Opinion

Living with the aging clock

Even as many people dream of living to 100 or beyond, many among the elderly do not want to live longer. They think living too long can will lead to age-related diseases and rob them of their ability and creativity.

Living longer with a disability, they believe, will make them feeble and ineffectual! They do not want to live counting their days with a new ache or pain of uncertain duration, adding to their existing maladies.

So they want a healthy life right up to the day they die! It is not hyperbole, but a state that is worse than death! And the simple truth is that we humans live only a few years of our lives without diseases!

However, despite growing threats from age-related diseases or more years spent in poor health, life expectancy or life span (while both terms relate to the number of living years, they actually have different concepts) has increased dramatically around the globe.

The latest findings of a study forecast that global life expectancy will increase from 73.6 years of age in 2022 to 78.1 years of age in 2050. At the same time, the average number of years a person can expect to live in good health is expected to increase from 64.8 years in 2022 to only 67.4 years in 2050.

“Chronic ailments like heart disease, diabetes, cancer, and lung disease are expected to play a more powerful role than infectious diseases in how long people live,' researchers of the study “The Global Burden of Disease Study 2021” published in the Lancet point out.

This increase in global life expectancy is most significant in regions currently experiencing lower life expectancies, indicating a potential convergence in health outcomes worldwide, according to the Global Burden of Disease Study 2021.

Prior to this report, the McKinsey Health Institute expressed the same view in a report. According to it, inequality is still a major problem. There is an 18-year gap in average life expectancy between low- and high-income countries and a 30-year gap between the lowest and highest life expectancies.

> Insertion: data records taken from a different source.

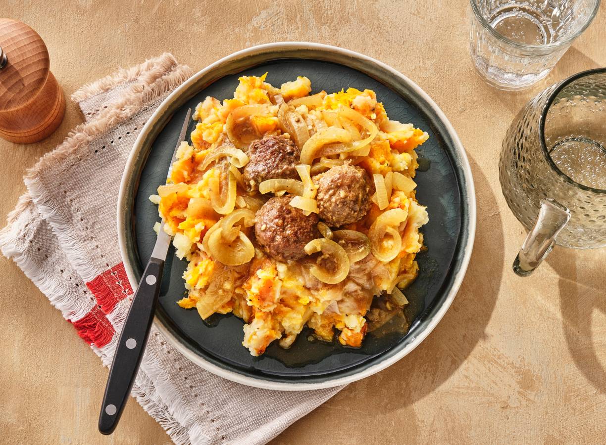 Een goeie twist op de klassieke stamppot, deze geroosterde pompoen en smeuïge aardappel met gehaktballetjes en een kruidige curryjus. Top voor herfstachtige dagen waarop je lekker én gemak wilt.
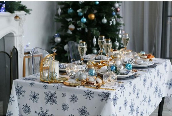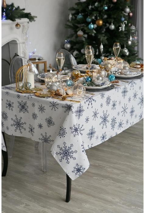Скатерть Доляна «Новый год: Синие снежинки» 180×149 см, 100% хлопок, 164 г/м2
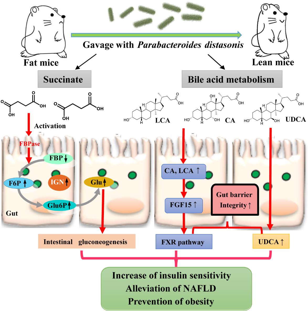 狄氏副拟杆菌(Parabacteroides distasonis)是人体核心菌群之一,相关性分析表明其含量与肥胖、非酒精性脂肪肝、糖尿病等疾病状态呈显著负相关,提示其可能在糖脂代谢方面发挥正向调节作用。微生物所刘宏伟与刘双江、王军研究团队紧密合作、协同攻关,发现狄氏副拟杆菌可以显著改善高脂饮食诱导肥胖(DIO)小鼠及ob/ob肥胖模型小鼠的肥胖、胰岛素抵抗、脂代谢紊乱及非酒精性脂肪肝症状。通过体内外实验首次发现狄氏副拟杆菌具有广泛的胆酸转化功能,能够水解多种结合型胆酸,同时转化为多种次级胆酸(石胆酸,熊去氧胆酸等);还可以产生大量琥珀酸。石胆酸等次级胆酸通过激活肠道FXR信号通路,改善脂代谢紊乱;熊去氧胆酸可以修复肠壁完整性;琥珀酸通过作用于肠道糖异生(IGN)途径关键酶果糖-1,6-二磷酸酶(FBPase),激活肠道糖异生,从而调节食欲,促进肝脏糖原合成,改善宿主糖代谢紊乱。狄氏副拟杆菌通过产生琥珀酸、次级胆酸通过激活不同的信号通路,发挥多靶点整体调节作用,是一种潜在、新型抗代谢综合症益生菌。
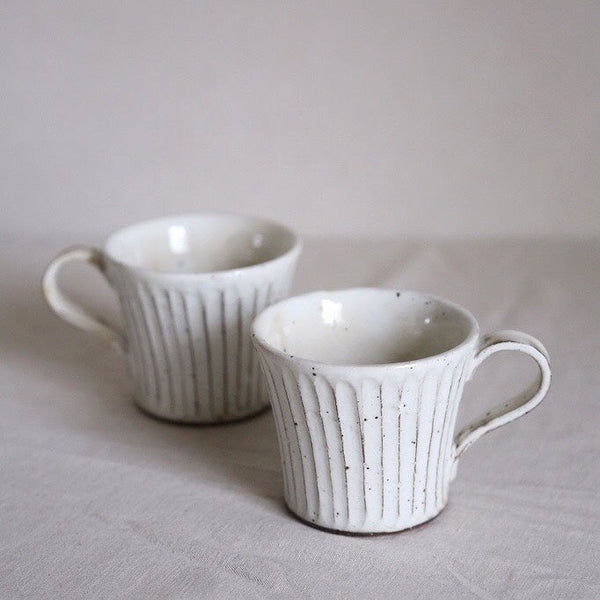 商品情報 細かく入った削ぎ模様と粉引の釉薬が味わいのあるマグカップ。釉薬のたれ具合や鉄粉が入った粉引きの風合いがとても魅力的です。飲みやすさや持った時の安定感が考えられたデザイン。 ペアで化粧箱入りなのでギフトにも喜ばれます。
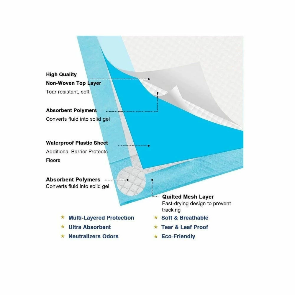 Take the hassle out of house training dogs and puppies. Made of advanced technology polymer for extra absorbency, these pads feature a leak proof backing and sealed edges to ensure easy cleanup. These Puppy Pads are specially scented to attract and encourage dogs and puppies to use them.
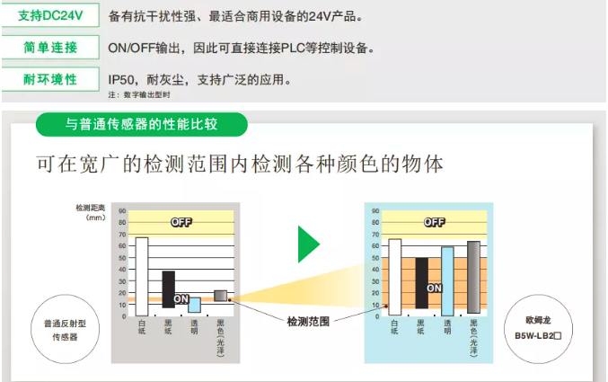 歐姆龍限定反射式光電傳感器是光電傳感器的一種,它是發(fā)射器和接收器置于一體的,由發(fā)射器發(fā)出光信號(hào),并在限定范圍內(nèi)由接收器接受,被檢物反射的光,并引起光電傳感器動(dòng)作,輸出開關(guān)控制信號(hào)。
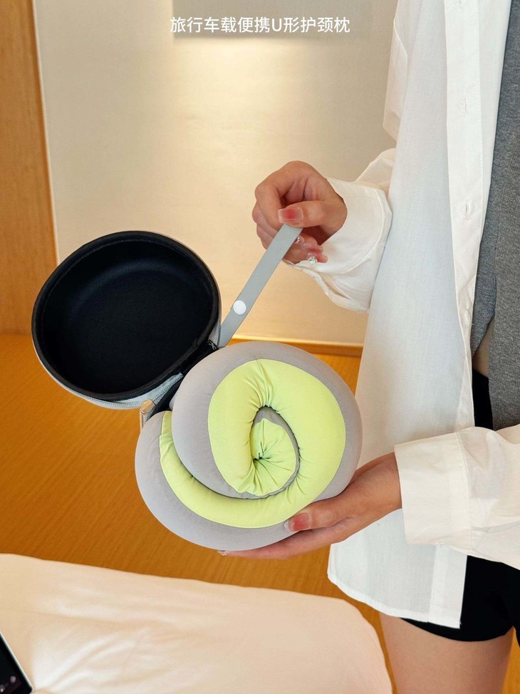 👍赠送收纳盒 收纳后很迷你 自带便携式的收纳盒 旅游出差方便带 只需卷起U形枕 放入盒中拉上拉链即可 收纳好以后可以轻松放入包里 真的太方便了!完全不占空间哦‼️
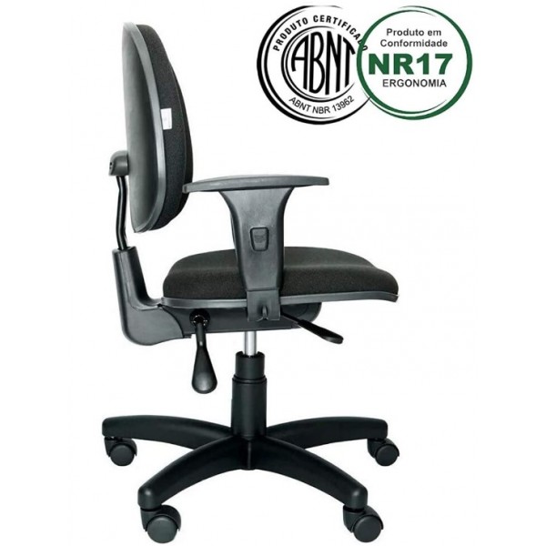 Base Back System que possibilita a regulagem da altura do assento por meio de pistão a gás altura e inclinação do encosto. Portanto, isso significa que, ao decorrer do tempo de uso da cadeira a espuma não venha a afundar ou ficar com marcas por conta do tempo de uso. Por isso a Cadeira Executiva é uma cadeira ideal para o uso contínua de 8 horas por dia. Apresenta também mecanismo giratório com acabamento na cor preto e braços digitador com regulagem de altura. Atende plenamente a norma NR17. Ergonomia e conforto juntos em uma cadeira que completa seus móveis para escritório. A Cadeira Executiva possui base do tipo estrelada fabricada em PP polipropileno. Além de que um tipo plástico bem resistente que garante a estabilidade da cadeira. Conta com 5 rodízios também em PP, o que facilita a movimentação da cadeira pelo ambiente. Portanto, a Cadeira Executiva ainda tem o ajuste de altura da cadeira. Então feita por controle manual, através de uma manipula que aciona o pistão de gás. Além de que move o percurso da cadeira de 100mm à 150mm da altura normal da cadeira executiva simples, a fim de proporcionar mais conforto e comodidade à quem utiliza.
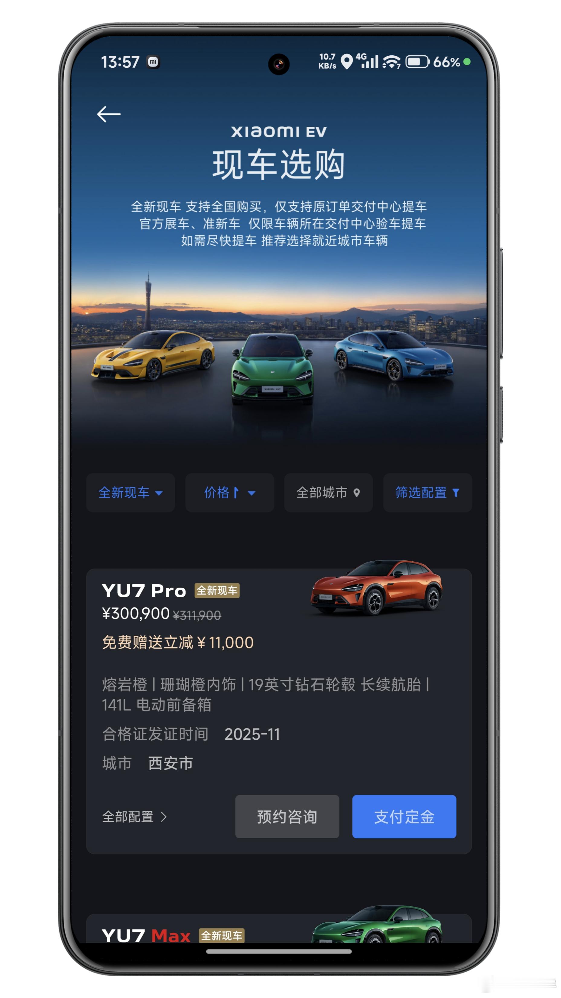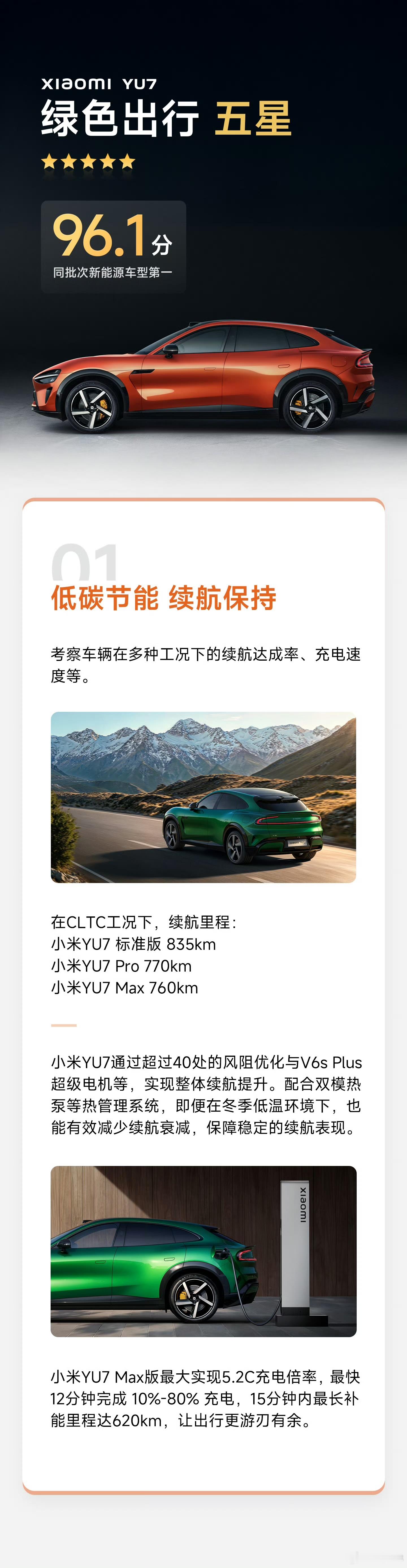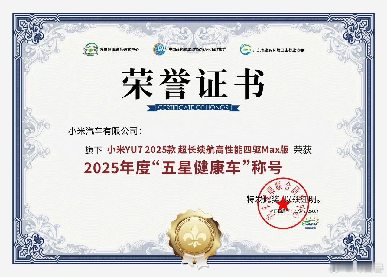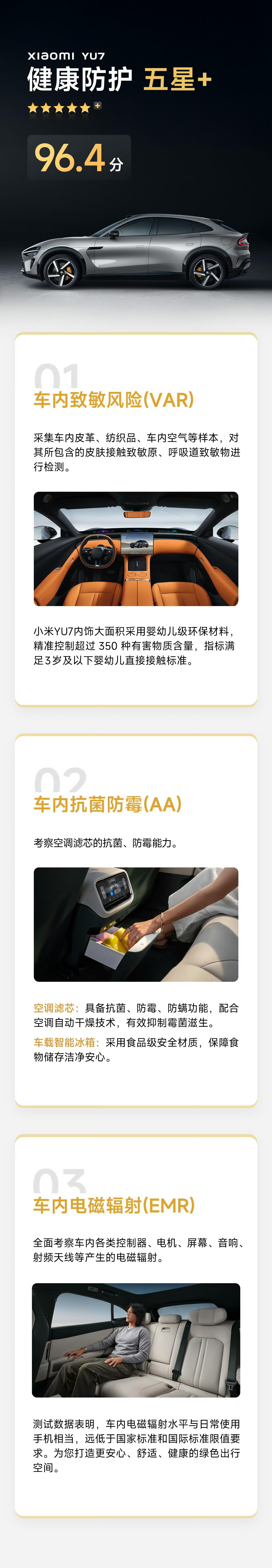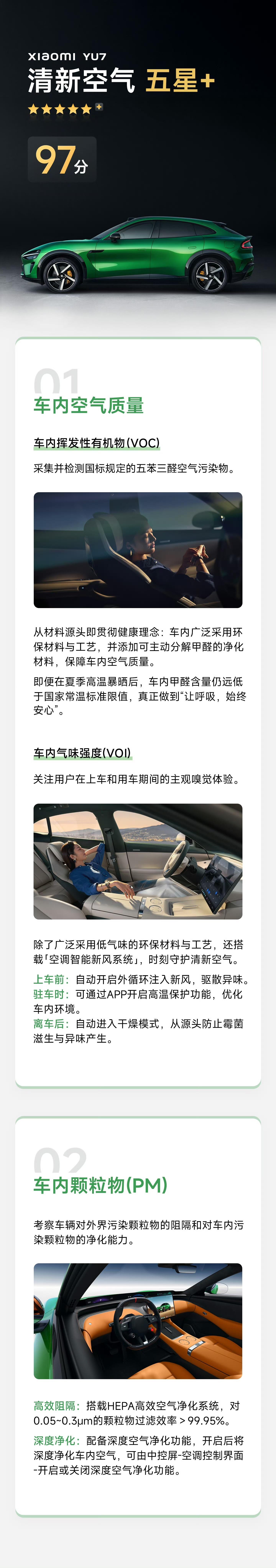 刚看到雷总发了 获得的新奖项「五星健康车」,YU7 在三大测评维度都是最高级,其中绿色出行维度更位列新能源车第一🏆「五星健康车」含金量其实挺高,它是由汽车健康联合研究中心基于中国汽车健康指数 (C-AHI) 结果颁发的荣誉称号,分为清新空气/健康防护/绿色出行三项清新空气主要关注车内空气质量和颗粒物,而 YU7 全系标配 HEPA 高效空净系统(图6)自然能实现五星 + 的最高级别健康防护主要关于车内致敏风险、车内电磁辐射等,YU7 内饰的用料大面积采用婴幼儿级环保材料,控制超 350 种有害物质,不仅意味着安全,更代表了材质亲肤、低敏的顶级舒适感。我作为 YU7 车主,也坐过很多亲朋好友的新车,YU7 是我坐过所有新车里异味最小的,没有之一!最后是绿色出行子项,这个相信大家都认可,YU7 的续航和续航达成率在同档是绝对领先的水准(图7)比如我的 YU7 Max 最低做到过 12.4kWh 的能耗(图8)对于高性能四驱 SUV 来说,这个表现非常棒了,所以自然能在绿色出行维度拿到同级第一目前 YU7 锁单后等车周期较长,着急提车的朋友也可以看看小米汽车 App 现车分区(图9)有很多 YU7 Pro / Max 现车今年内能提车,还能享受购置税补贴哦

“We are now spending more years in poor health than at any time in our history,' says the report quoted by the World Economic Forum. But it also says, “Things don’t have to be that way.”

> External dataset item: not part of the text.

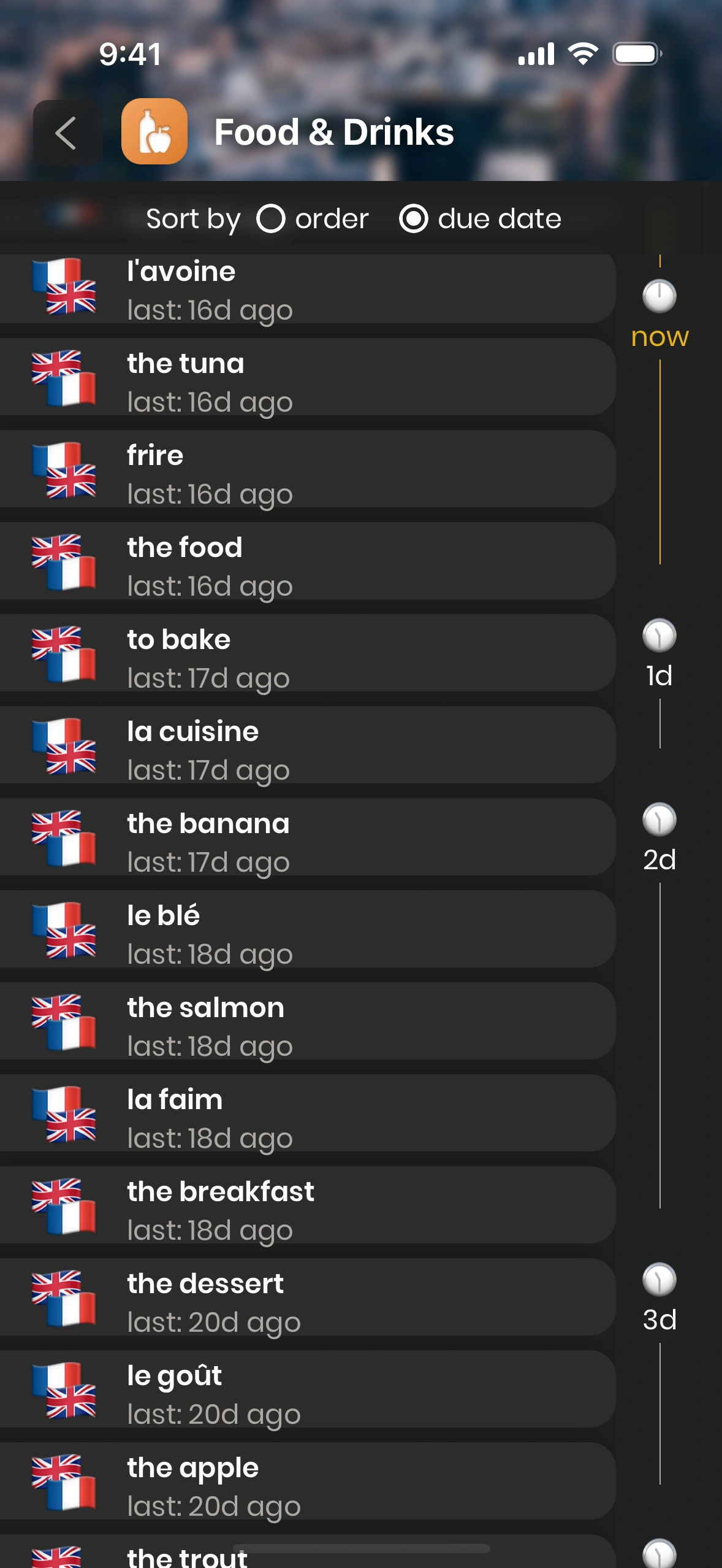 - Due date: If this card is already in your learning queue, then this shows when you should review it next. "Now" means that the card will be displayed in one of the next learning sessions (as soon as you have learned all cards with a higher urgency).

Echoing the same view, a BBC report pointed out that while people might be expected to live more years with disease simply as a function of living longer in general, the average number of healthy years has decreased since 1998.

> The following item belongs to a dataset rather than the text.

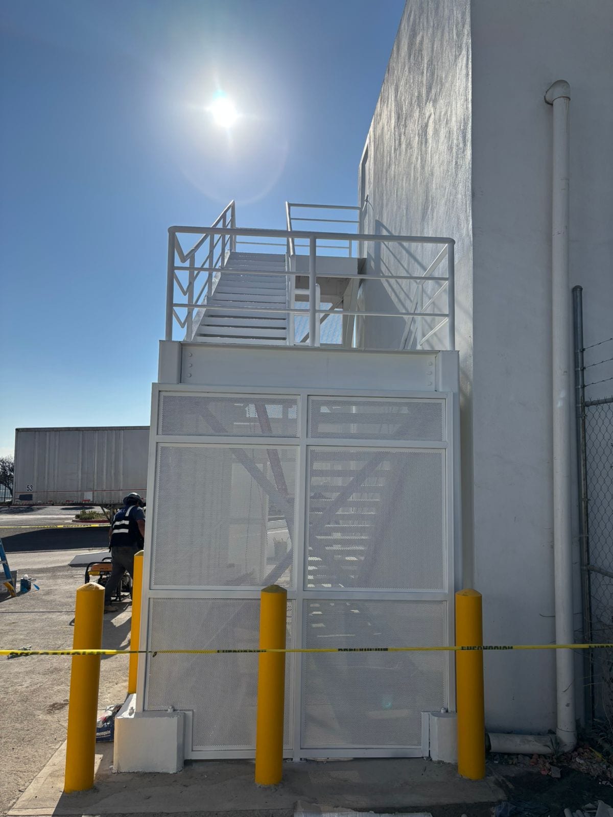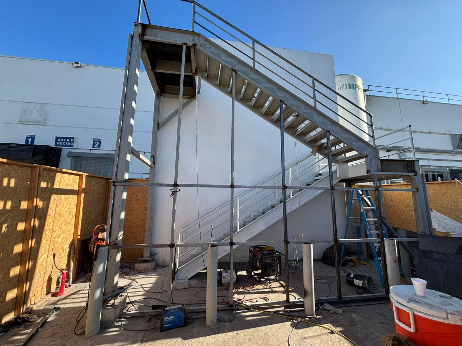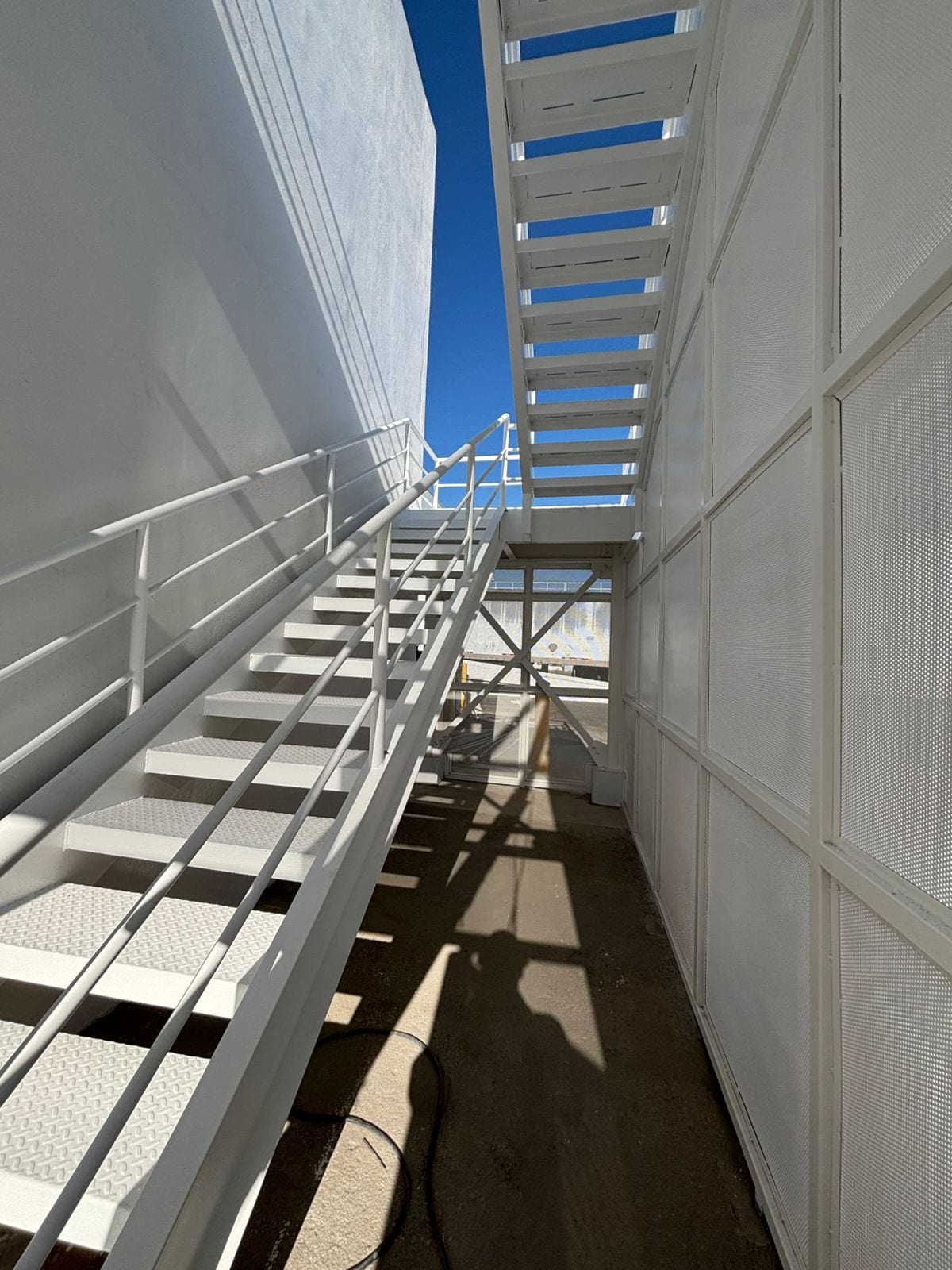 Anclaje y Montaje:Instalación de placas de base y fijación de la estructura principal. Se aseguró la nivelación y plomeo exacto de cada tramo y descanso.

“We spend fewer years of our lives without disease, even though we live longer,' it said.

Aging, of course, is a reality and fact of life. People find themselves hitting a new age milestone each year, bringing about physical, emotional, and cognitive changes. This means aging occurs throughout our lives, right from the very beginning.

However, as studies suggest, with medical advances and a healthier lifestyle, we can enjoy more years of quality life, though we cannot expect to live the life of Jeanne Calment, the French woman and the oldest documented person to ever have lived.

She died in 1997 at the age of 122. It was reported that she smoked for all but the last five years of her life and ate more than two pounds of chocolate every week!

Sure, you have to die of something someday, but you may not have to die so soon. A good death demands a good life. Remember, what our ancestors taught us: “Don’t be excessive at the dining table; do exercises; avoid stress; and get a good and blissful sleep.”

Think that you still have more to contribute and leave the obsession about dying! After all, we’re part of life on earth!